Let’s make a new file with ``touch`` and pretend it has **super secret**
and **private** information. ``git status`` will show that this newly
created file has not been staged yet.
.. tab:: Bash
.. code:: bash
$ touch super_secret_private.csv
We do not currently have a ``.gitignore`` in our repository yet. We can
make one with ``nano`` and add in our .csv file.
.. tab:: Bash
.. code:: bash
$ nano .gitignore
.. figure:: /_static/images/git/git-utilities/git_ignore1.png
:alt: git ignore 1
Save your changes, and if you run ``git status`` again, you will no
longer see our private file available to be staged. Only ``.gitignore``
will be there. Feel free to stage and commit it.
.. figure:: /_static/images/git/git-utilities/git_ignore_status.png
:alt: git ignore status
We can also give ``.gitignore`` broader specifications for files to
ignore using ``*``, or the wildcard symbol. If we added ``*.dat`` to a
new line in ``.gitignore``, git will ignore all files with the .dat
extension. If you specify ``*secret*``, git will ignore all files with
the word “secret” in their name.
You can also tell have git ignore whole folders by specifying ``FOLDER_NAME/``.
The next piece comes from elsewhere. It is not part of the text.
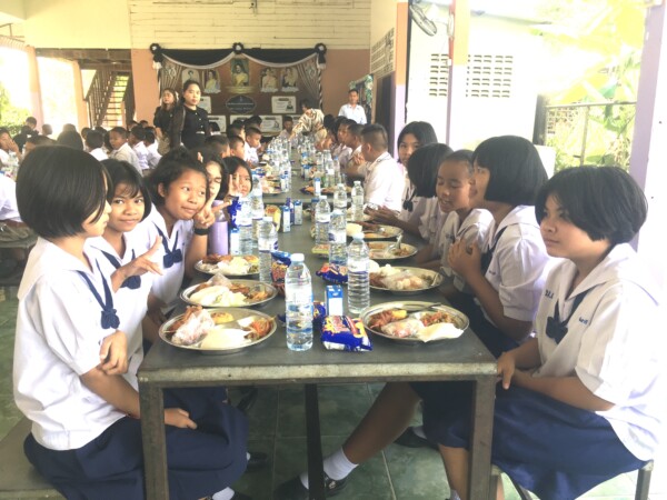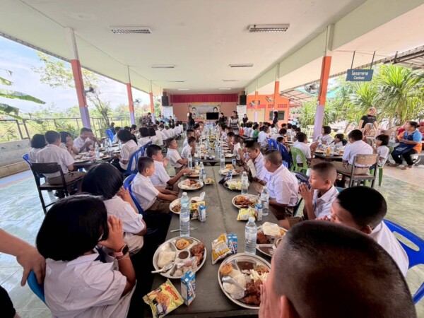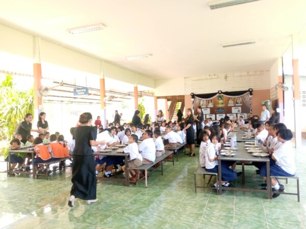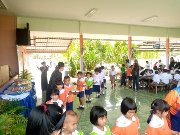 นอกจากการมอบสิ่งของและทุนการศึกษาแล้ว ทางคณะผู้ใจบุญยังได้จัดเตรียม อาหารกลางวันมื้อพิเศษ มาเลี้ยงนักเรียนทุกคน ซึ่งบรรยากาศเต็มไปด้วยความอบอุ่นและเป็นกันเอง สร้างความประทับใจให้แก่คณะครู ผู้ปกครอง และตัวนักเรียนเป็นอย่างมาก

Finally, you can combine these methods. ``results/*secret*.dat`` will result
in git ignoring all files in the results folder that have secret in their title
and ``.dat`` as their extension.
.. figure:: /_static/images/git/git-utilities/git_ignore2.png
:alt: git ignore 2
.. admonition:: Wildcards
The wildcard essentially means “look for **anything**”. If you
had a line in ``.gitignore`` with only ``*``, this would match all
files, and git would ignore everything in the repo. ``*.dat`` looks for
anything but must end in ``.dat``.
Some files you may want to ignore might be program-specific files that
show up in your repository when executing or building your program. When
you initialize a repository on GitHub, you are given the option to
initialize with a ``.gitignore``. You can pick from what language your
project will be in (like Python or R), and a ``.gitignore`` file will be
created in the initial commit with some files already included (like
``*.pyc`` or ``.Rhistory``).
.. warning::
Adding files to .gitignore will remove their tracking from future
staging in commits. However, if these files have already been previously
committed, these committed versions will remain in future commits. If
you need to completely remove a file from version history, see `this
Stack Overflow post `__.
Recap:
------
- ``HEAD``: identifier that points to the most recent local commit
- ``.gitignore``: a file where you can list files you want left out of
version control